[EXERCISE AIM]
Word for word, return the lines below from the first through the line that has "Su belleza interior", dropping the pictures.

:: PROVIDED RECORDS ::

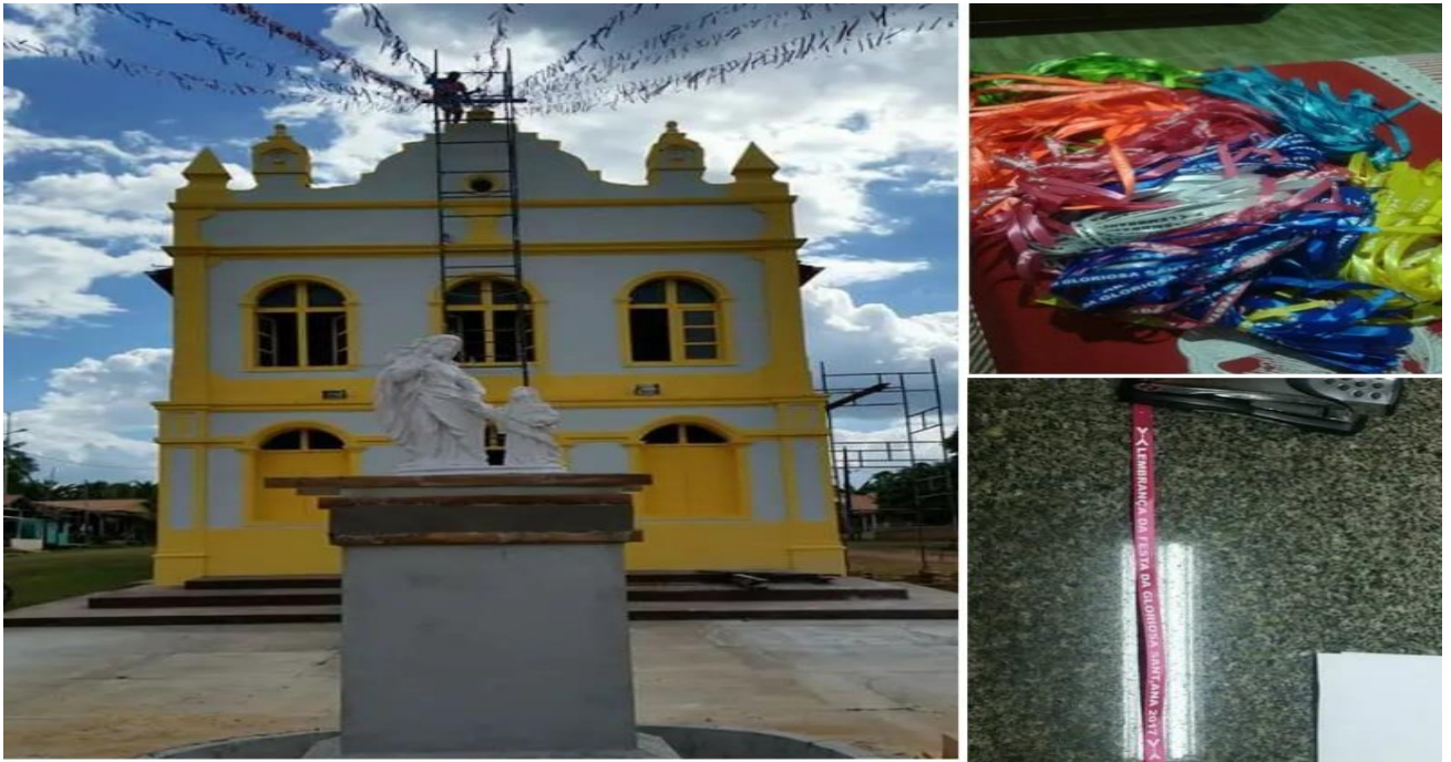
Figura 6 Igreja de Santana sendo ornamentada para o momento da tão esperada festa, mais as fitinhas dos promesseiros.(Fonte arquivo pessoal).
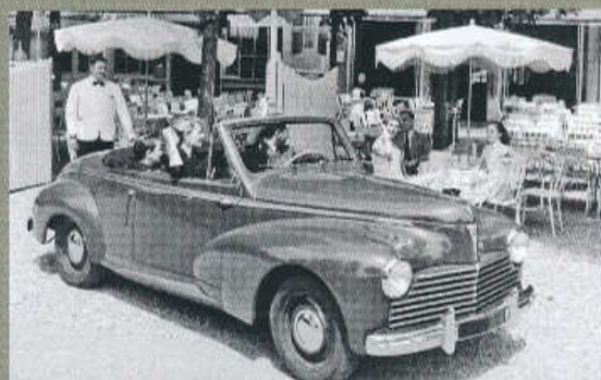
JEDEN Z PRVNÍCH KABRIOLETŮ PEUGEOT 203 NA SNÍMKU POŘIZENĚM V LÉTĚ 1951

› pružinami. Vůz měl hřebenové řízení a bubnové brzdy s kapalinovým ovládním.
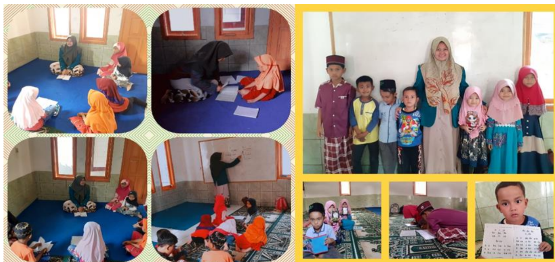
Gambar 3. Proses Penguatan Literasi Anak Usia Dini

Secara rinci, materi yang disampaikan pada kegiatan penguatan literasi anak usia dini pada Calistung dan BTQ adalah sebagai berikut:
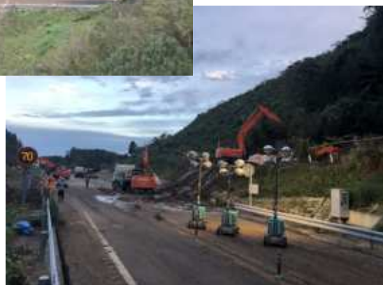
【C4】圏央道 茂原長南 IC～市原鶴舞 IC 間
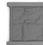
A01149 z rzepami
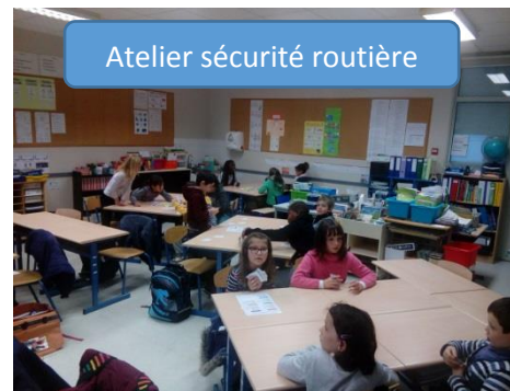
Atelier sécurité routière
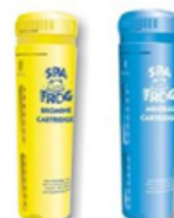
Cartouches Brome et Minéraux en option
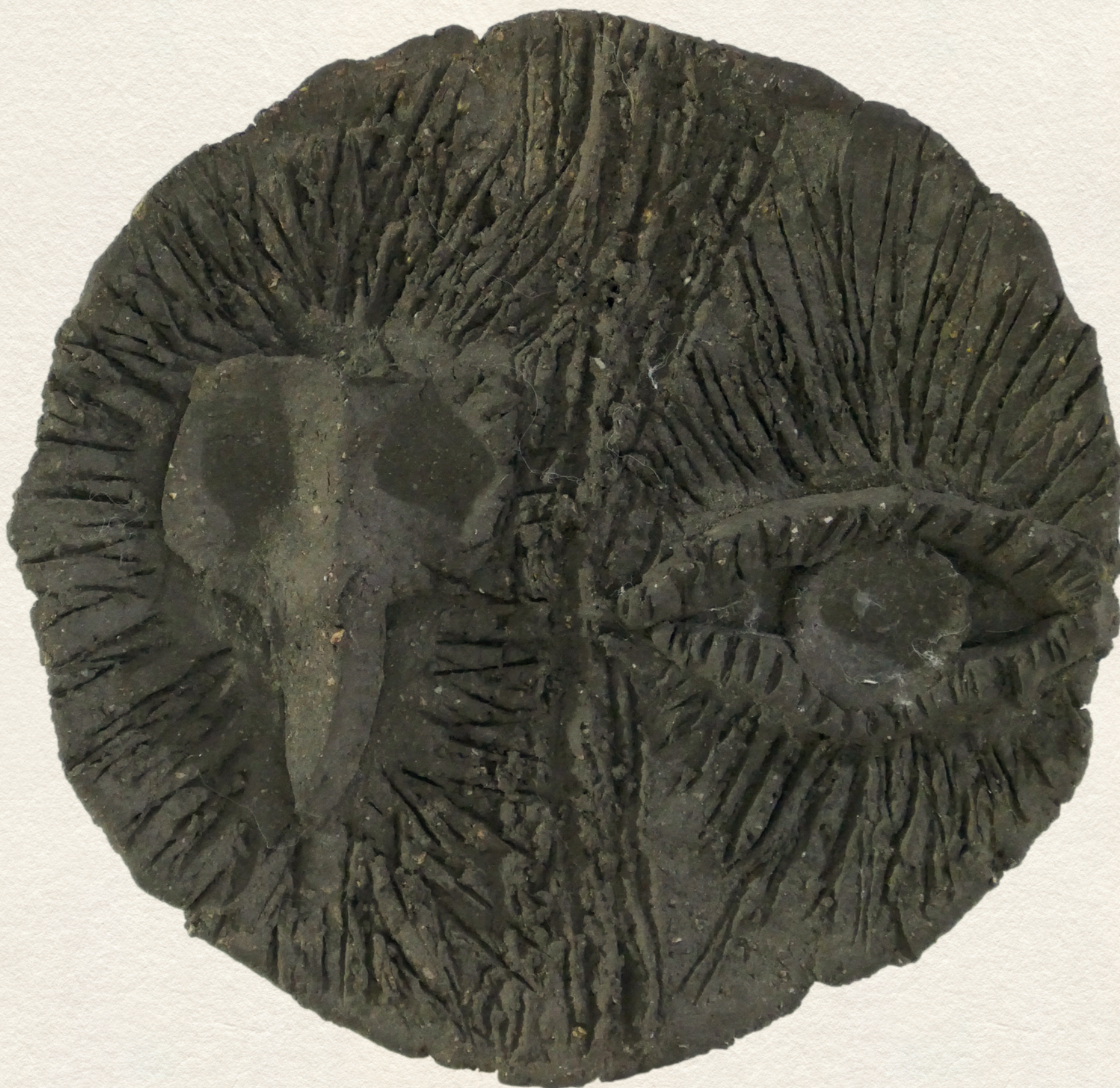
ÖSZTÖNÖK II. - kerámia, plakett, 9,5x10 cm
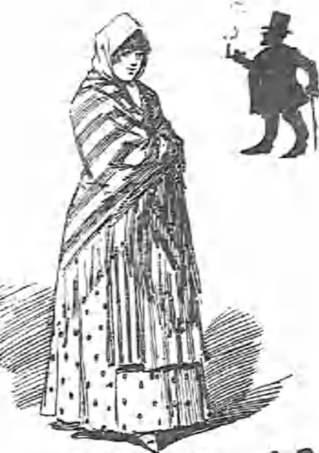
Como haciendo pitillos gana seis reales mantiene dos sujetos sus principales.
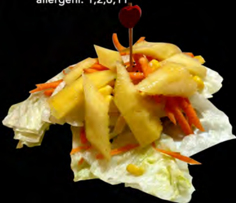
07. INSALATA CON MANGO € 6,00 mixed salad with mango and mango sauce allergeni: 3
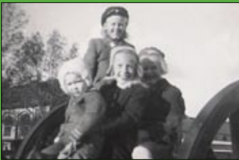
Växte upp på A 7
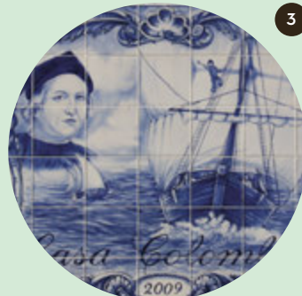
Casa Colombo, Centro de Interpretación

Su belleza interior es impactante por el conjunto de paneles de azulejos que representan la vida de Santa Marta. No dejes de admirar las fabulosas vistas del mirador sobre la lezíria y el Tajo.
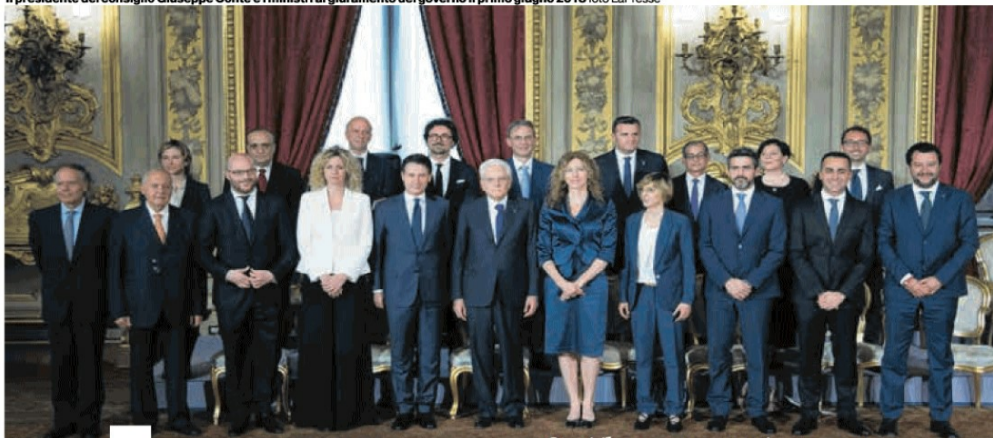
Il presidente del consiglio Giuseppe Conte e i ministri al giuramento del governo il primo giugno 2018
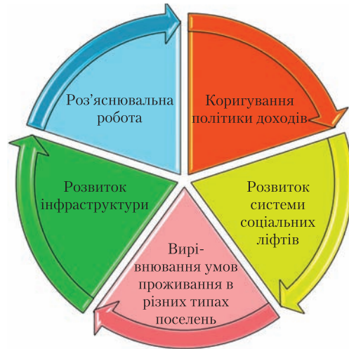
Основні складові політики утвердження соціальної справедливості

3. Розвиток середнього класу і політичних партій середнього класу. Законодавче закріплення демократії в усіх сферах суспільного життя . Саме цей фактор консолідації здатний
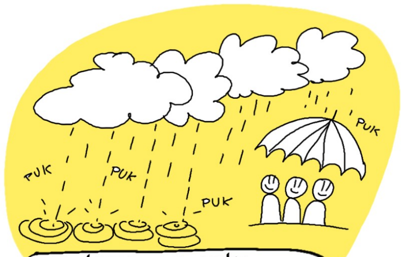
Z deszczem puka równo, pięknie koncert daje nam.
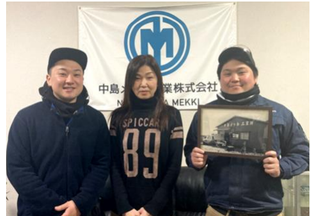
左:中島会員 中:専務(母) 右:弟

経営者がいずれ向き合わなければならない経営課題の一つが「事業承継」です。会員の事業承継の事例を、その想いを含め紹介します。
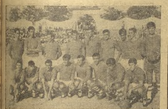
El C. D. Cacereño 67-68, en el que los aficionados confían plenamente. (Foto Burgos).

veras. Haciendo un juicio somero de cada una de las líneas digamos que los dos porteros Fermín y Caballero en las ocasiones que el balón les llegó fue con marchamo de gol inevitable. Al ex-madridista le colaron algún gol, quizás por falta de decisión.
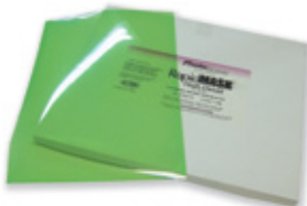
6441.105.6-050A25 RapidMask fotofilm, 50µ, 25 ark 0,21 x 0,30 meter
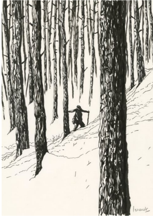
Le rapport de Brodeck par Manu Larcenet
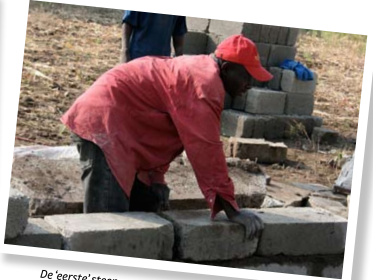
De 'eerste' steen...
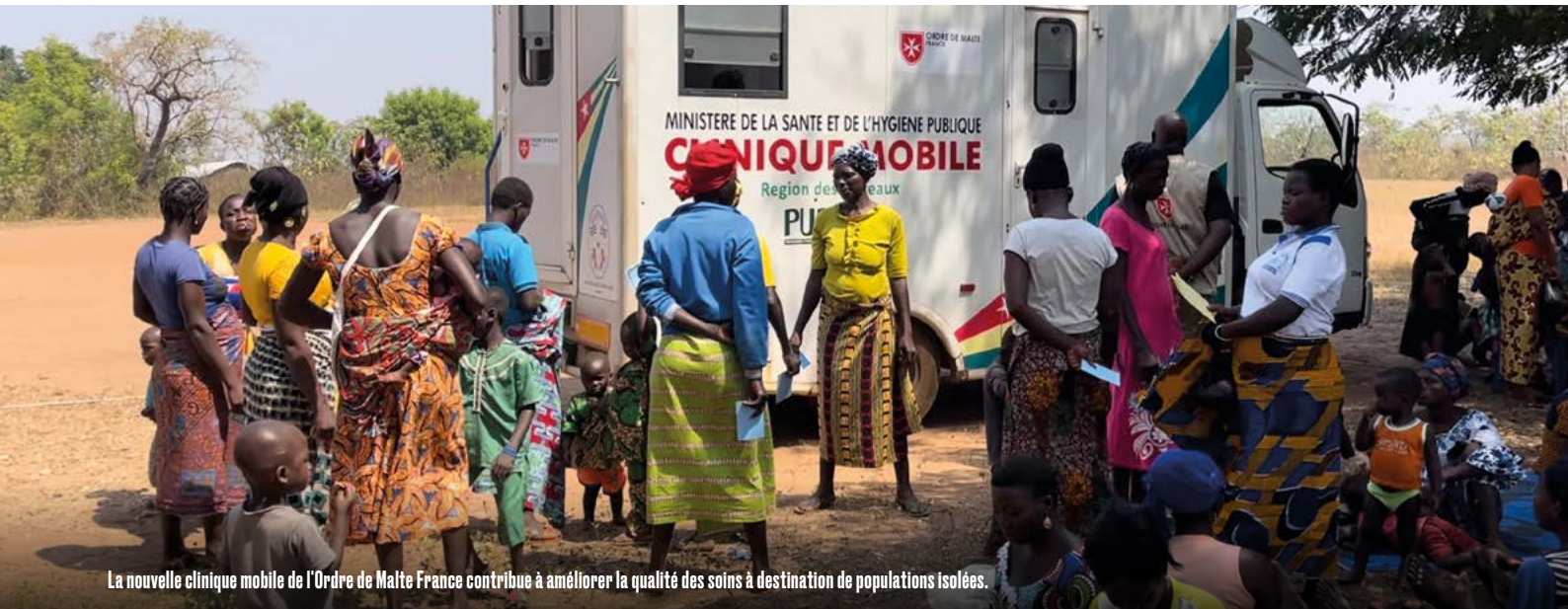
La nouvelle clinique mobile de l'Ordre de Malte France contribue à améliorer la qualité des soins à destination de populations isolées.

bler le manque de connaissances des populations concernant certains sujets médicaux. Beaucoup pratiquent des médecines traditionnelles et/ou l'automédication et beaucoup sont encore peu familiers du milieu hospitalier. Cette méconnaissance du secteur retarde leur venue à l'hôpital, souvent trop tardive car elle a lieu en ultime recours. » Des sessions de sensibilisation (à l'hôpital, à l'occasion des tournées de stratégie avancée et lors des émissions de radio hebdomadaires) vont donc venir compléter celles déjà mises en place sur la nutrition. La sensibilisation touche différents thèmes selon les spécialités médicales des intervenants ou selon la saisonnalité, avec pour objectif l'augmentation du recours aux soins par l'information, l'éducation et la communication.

:::

[THE COMPLETED TASK]
Figura 6 Igreja de Santana sendo ornamentada para o momento da tão esperada festa, mais as fitinhas dos promesseiros.(Fonte arquivo pessoal).
JEDEN Z PRVNÍCH KABRIOLETŮ PEUGEOT 203 NA SNÍMKU POŘIZENĚM V LÉTĚ 1951

› pružinami. Vůz měl hřebenové řízení a bubnové brzdy s kapalinovým ovládním.
Gambar 3. Proses Penguatan Literasi Anak Usia Dini

Secara rinci, materi yang disampaikan pada kegiatan penguatan literasi anak usia dini pada Calistung dan BTQ adalah sebagai berikut:
【C4】圏央道 茂原長南 IC～市原鶴舞 IC 間
A01149 z rzepami
Atelier sécurité routière
Cartouches Brome et Minéraux en option
ÖSZTÖNÖK II. - kerámia, plakett, 9,5x10 cm
Como haciendo pitillos gana seis reales mantiene dos sujetos sus principales.
07. INSALATA CON MANGO € 6,00 mixed salad with mango and mango sauce allergeni: 3
Växte upp på A 7
Casa Colombo, Centro de Interpretación

Su belleza interior es impactante por el conjunto de paneles de azulejos que representan la vida de Santa Marta. No dejes de admirar las fabulosas vistas del mirador sobre la lezíria y el Tajo.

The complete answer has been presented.